Map<String, String> metadata = new LinkedHashMap<>();
...
//set field zero
metadata.put("csv-field-zero", csv.get(0, 0));
//create a new csv with the size of metadata plus 1
CSV csvMetadata = new CSV(null, 2, metadata.size() + 1);
//write the header
csvMetadata.set(0, 0, keyHeader);
csvMetadata.set(1, 0, valueHeader);
//write the metadata
int index = 1;
for (Map.Entry<String, String> e:metadata.entrySet()) {
csvMetadata.set(0, index, e.getKey());
csvMetadata.set(1, index, e.getValue());
index++;
}
//output to field zero
csv.set(0, 0, csvMetadata.toString());
System.out.println(csv.toString());
6 Security Risks
Embedding CSVs inside of CSVs can become a potential DoS attack vector due to how double quotes are escaped, for every depth level the amount of required double quotes is doubled, at depth 32, the required amount of double quotes for a single double quote would need gigabytes of character data to escape it.

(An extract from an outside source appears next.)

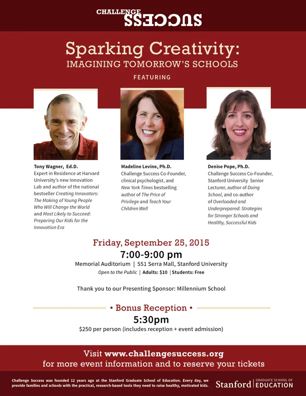 Join Challenge Success for our biggest parent education event of the year — "Sparking Creativity: Imagining Tomorrow's Schools." The event will feature keynote speaker Tony Wagner, Expert in Residence at Harvard University’s new Innovation Lab and author of the national bestseller Creating Innovators: The Making of Young People Who Will Change the World and Most Likely to Succeed: Preparing Our Kids for the Innovation Era. He will be joined by Challenge Success Co-Founders, Dr. Denise Pope and Dr. Madeline Levine, for an interactive discussion on fostering creativity in schools and at home: How do we encourage creativity in our kids and develop a generation of innovators and problem solvers? How can educators and parents spark creativity in daily activities? What is the connection between creativity and authentic success?
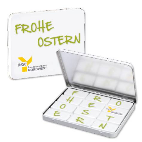 In der Dekordose befinden sich 12 Schokoladentäfelchen. 11 Täfelchen in richtiger Folge in die Dekordose gelegt, ergeben die Botschaft "Frohe Ostern". Auf das zwölfte Täfelchen drucken wir Ihr Firmenlogo. Den Deckel der Dosen bedrucken wir ganz nach Ihren Wünschen auch vollflächig in Ihren Firmenfarben. Wir legen die feinen 4,6g Schokoladentäfelchen geordnet oder ungeordnet in die Dose. Mit Ihrer Werbebotschaft puzzeln und danach feinste Vollmilchschokolade genießen: darin liegt der Werbe-Erfolg der Schokoladentafel-Werbe-Puzzle.

If you really need to embed multiple CSVs inside of a CSV file without additional files, the best way would be to create a file system using a single zip file, write all of your CSVs to it and then embed the zip as base64 in a master CSV, care should be taken as zip bombs can still be a possibility.
"csv-metadata-key,csv-metadata-value
csv-type-name,https://example.com/vectors.txt
myOtherCsvsData,c2Rmc2Rmc2Rmc2RmZXdyZXdyY2J2eHZuY2ZqbnRyeXVqdHk3aTZ5dWtqaGcsbWd2bnZjYnhjdmFzZFFFVw==
myOtherCsvsRoot,root.csv
",x,y,z
,1,2,3
,4,5,6
,7,8,9
7 On External Editors
If correctly escaped, any editor that supports the RFC4180 should be able to read and preserve the metadata.
7.1 Google Sheets
Google Sheets was the best one, seems to fully follow the RFC4180 in importing and exporting csv files.
7.2 LibreOffice
LibreOffice was able to import/export correctly but it has a strange behaviour to replace double quotes with curved double quotes on the editor and the lack of smooth scrolling makes it annoying to edit large metadata fields.
7.3 Excel
Excel never supported RFC4180 as far as I know, if things did not change, excel should still be the devil of csv files, generating different csv files that depend on which country you are, making sure that your life as a programmer will be a pain.
7.4 Other Online Editors
I was able to find a bunch of small online editors of csv files, all of the ones I tested seems to follow the RFC4180.